ABOUT THIS TASK. Retype the listing found below exactly, but leave out each picture.
##### DATA SHOWN #####
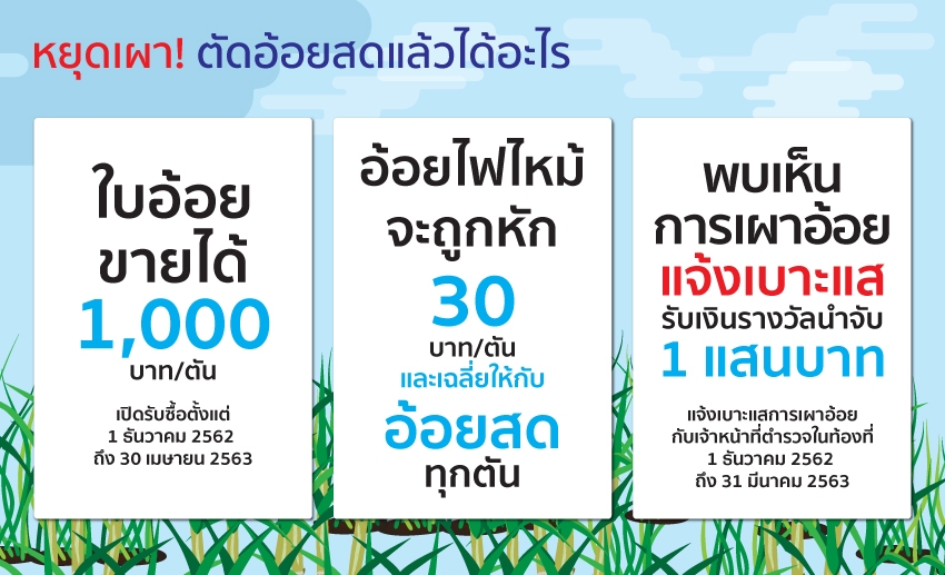 - รณรงค์ประชาสัมพันธ์ร่วมกับหน่วยงานระดับจังหวัด หน่วยงานระดับท้องถิ่นจากภาครัฐและเอกชน รวมถึงสมาคมชาวไร่อ้อยทั่วประเทศที่ให้ความรู้ชาวไร่เกี่ยวกับประโยชน์และวิธีการตัดอ้อยสด สะอาด งดการเผาอ้อย และมีการตั้งเงินรางวัลนำจับผู้ที่ลักลอบเผาถึง 100,000 บาท
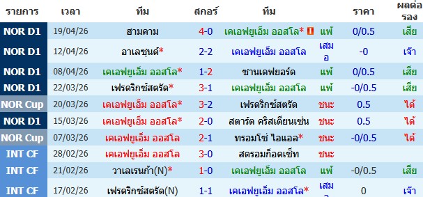 ผลงาน 10 นัดหลังสุดของทีม เคเอฟยูเอ็ม ออสโล
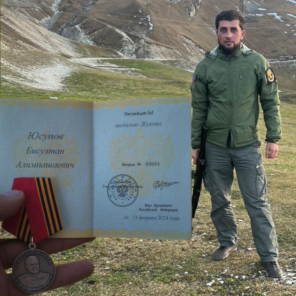 Указом Президента РФ В.В.Путина, за отвагу, самоотверженность и личное мужество, проявленные в боевых действиях при защите Отечества и государственных интересов РФ, участник специальной военной операции из селения Дылым Казбековского района Бисултан Юсупов награжден медалью Жукова.
#####
ANSWER TO THIS EXERCISE.
 - รณรงค์ประชาสัมพันธ์ร่วมกับหน่วยงานระดับจังหวัด หน่วยงานระดับท้องถิ่นจากภาครัฐและเอกชน รวมถึงสมาคมชาวไร่อ้อยทั่วประเทศที่ให้ความรู้ชาวไร่เกี่ยวกับประโยชน์และวิธีการตัดอ้อยสด สะอาด งดการเผาอ้อย และมีการตั้งเงินรางวัลนำจับผู้ที่ลักลอบเผาถึง 100,000 บาท
 ผลงาน 10 นัดหลังสุดของทีม เคเอฟยูเอ็ม ออสโล
 Указом Президента РФ В.В.Путина, за отвагу, самоотверженность и личное мужество, проявленные в боевых действиях при защите Отечества и государственных интересов РФ, участник специальной военной операции из селения Дылым Казбековского района Бисултан Юсупов награжден медалью Жукова.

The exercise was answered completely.